CERAM Web Site (Ceram is now called Lucideon)
 

[August 2005]

Instant Petrified Wood Yields Super Ceramics


Materials scientists at the US Department of Energy's Pacific Northwest National Laboratory have developed a chemical process that adds a promising new dimension to the search for advanced catalyst technologies, as well as to cutting tools, abrasives and coatings.

Researchers used the process, which is now available for licensing, to create two new ceramic materials that are laboratory versions of petrified wood. These materials combine the hardness of metal with the high surface area of carbon to form metal carbides that are stronger than steel and which can withstand temperatures up to 1400°C.

"The original cellulose structure of the wood acts as a template," said Yongsoon Shin, the PNNL scientist who invented the process. Using a simple chemical process, Shin soaked the wood in acid, then infused it with a source of either titanium or silicon and baked it in an argon-filled furnace.
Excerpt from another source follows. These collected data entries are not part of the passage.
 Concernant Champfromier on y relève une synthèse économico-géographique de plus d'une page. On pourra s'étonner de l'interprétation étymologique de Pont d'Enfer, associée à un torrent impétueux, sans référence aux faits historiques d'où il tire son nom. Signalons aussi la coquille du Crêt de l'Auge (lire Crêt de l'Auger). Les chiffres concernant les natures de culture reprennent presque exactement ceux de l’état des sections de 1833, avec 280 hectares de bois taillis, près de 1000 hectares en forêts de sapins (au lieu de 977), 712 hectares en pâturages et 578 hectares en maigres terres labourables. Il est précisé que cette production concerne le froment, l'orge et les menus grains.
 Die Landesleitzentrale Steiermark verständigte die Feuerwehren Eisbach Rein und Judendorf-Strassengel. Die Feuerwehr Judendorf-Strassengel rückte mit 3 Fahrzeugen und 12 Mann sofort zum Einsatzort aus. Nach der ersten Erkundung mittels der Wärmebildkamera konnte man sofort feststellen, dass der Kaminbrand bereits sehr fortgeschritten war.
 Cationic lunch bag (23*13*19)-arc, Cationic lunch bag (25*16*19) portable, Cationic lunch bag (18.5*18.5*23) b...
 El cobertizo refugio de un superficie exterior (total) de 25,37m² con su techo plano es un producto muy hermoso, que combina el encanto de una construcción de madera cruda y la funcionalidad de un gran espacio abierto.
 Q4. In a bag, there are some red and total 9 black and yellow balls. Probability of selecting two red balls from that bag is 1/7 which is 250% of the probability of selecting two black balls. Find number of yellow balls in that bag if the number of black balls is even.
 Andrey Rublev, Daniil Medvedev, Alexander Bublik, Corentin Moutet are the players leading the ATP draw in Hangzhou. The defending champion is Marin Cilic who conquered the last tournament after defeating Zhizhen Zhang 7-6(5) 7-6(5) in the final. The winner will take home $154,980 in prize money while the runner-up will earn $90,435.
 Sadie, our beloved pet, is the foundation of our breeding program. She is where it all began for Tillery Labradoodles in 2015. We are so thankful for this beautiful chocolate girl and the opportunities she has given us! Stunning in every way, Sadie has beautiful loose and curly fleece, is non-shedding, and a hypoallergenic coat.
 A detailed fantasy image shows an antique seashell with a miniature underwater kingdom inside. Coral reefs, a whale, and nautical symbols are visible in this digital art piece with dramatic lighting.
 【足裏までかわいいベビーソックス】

The result is instant petrified wood in which the silica and titanium take up permanent residence with the carbon left in the cellulose to form the ceramics SiC or TiC.

"The innovations here are the use of a wood template for the formation of a novel-structured SiC or TiC and the use of wood as the carbon source," said Eric Lund, PNNL Commercialization Manager. "The newly formed SiC or TiC exactly duplicates the intricate hierarchical cellulose structure of the wood. It is also possible to create the 'negative' of the wood structure by adjusting the initial acid treatment of the wood."